Multidimensional input using Gaussian Process

Hi All,

I’m new to pymc3 and I may be making a stupid mistake but I am trying to build a Gaussian Process Regression model and feed in a 2d input. I have adapted my example from here:

I have used PCA to preprocess my input and built the following model:

number_of_pcs = 2

with pm.Model() as model:

    z = pm.Gamma('z', 1, 1, shape=number_of_pcs)
    nu = pm.Gamma('nu', 1, 1, shape=number_of_pcs)
    K = nu * pm.gp.cov.ExpQuad(number_of_pcs, z)

    mu = pm.gp.mean.Zero()
    sigma = pm.HalfCauchy('sigma', 2.5)

    x = features.iloc[:500, :number_of_pcs].values
    y = y_df.values[:500]

    y_obs = pm.gp.GP('y_obs', mean_func=mu, cov_func=K, sigma=sigma, observed={'X': x, 'Y': y})

However, I get the following error:

ValueError: Input dimension mis-match (input[0].shape[1] = 500, input[1].shape[1] = 2)

(using X=x, observed=y gives the same error)

This works when number_of_pcs = 1, but fails if > 1.

Any ideas on how I should proceed? Or any examples of a similar model that I can try to learn from?

Thank you in advance.

Hey there, this works for me in 1 or higher dimensions:

y_obs = pm.gp.GP("y_obs", mean_func=mu, cov_func=K, X=x, sigma=sigma, observed={'X': x, 'Y': y})
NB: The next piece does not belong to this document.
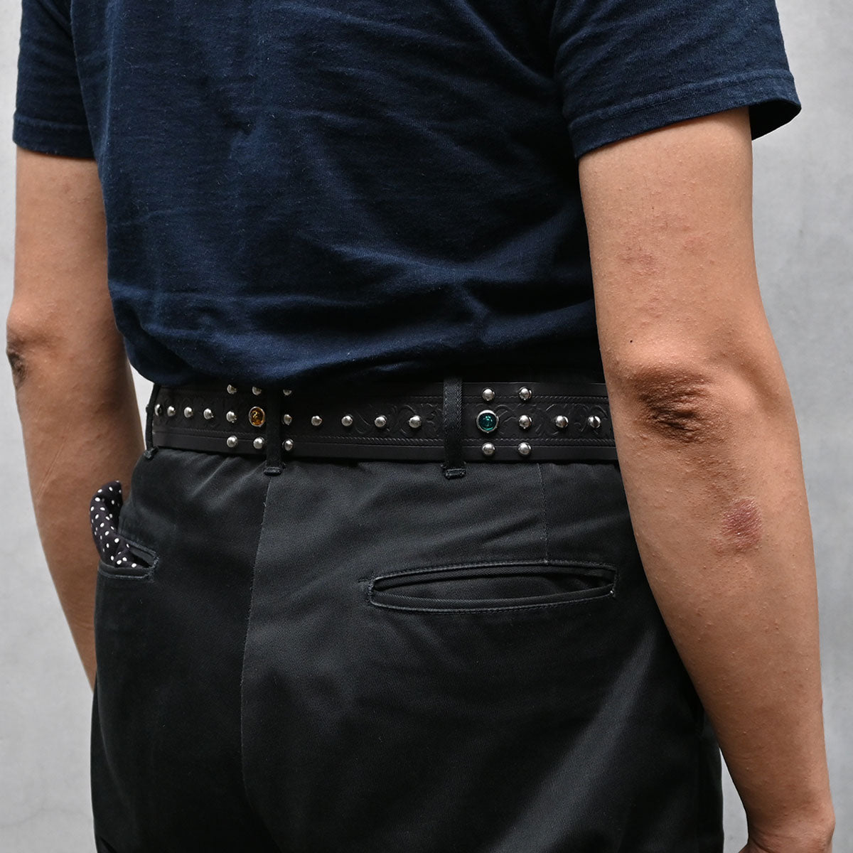"RAWHIDE" studded jewel belt produced by VINTAGE SHOP "ROCK A HULA" in Niigata.

Notice the addition of X=x. Does this syntax work for you? I’m on master and I’m seeing the same behavior as you. I’ll see about a patch for this asap. Thank you for posting this!

Thanks @bwengals,

Unfortunately, that does not work for me it still fails with the same error message (3.1 master). I wasn’t sure it was an issue previously (I thought maybe I had done something wrong), do you want me to open a github issue?

I tracked my issue back to line 122 of gp\cov.py.

There’s a list of two factors returned by merge_factors, but the product cannot be calculated. If I change:

K = nu * pm.gp.cov.ExpQuad(number_of_pcs, z)

to:

K = pm.gp.cov.ExpQuad(number_of_pcs, z)

then it works correctly. I tried to figure out the underlying issue but my knowledge of theano is a bit lacking.

ah! I think see it now.

nu = pm.Gamma('nu', 1, 1, shape=number_of_pcs)
K = nu * pm.gp.cov.ExpQuad(number_of_pcs, z)

nu should be a scalar since its role is to scale the covariance matrix, but you have it defined as a vector of random variables. Try removing the shape=number_of_pcs part.

Oh, ok I see. Thanks for all your help, I understand now (noob mistake…).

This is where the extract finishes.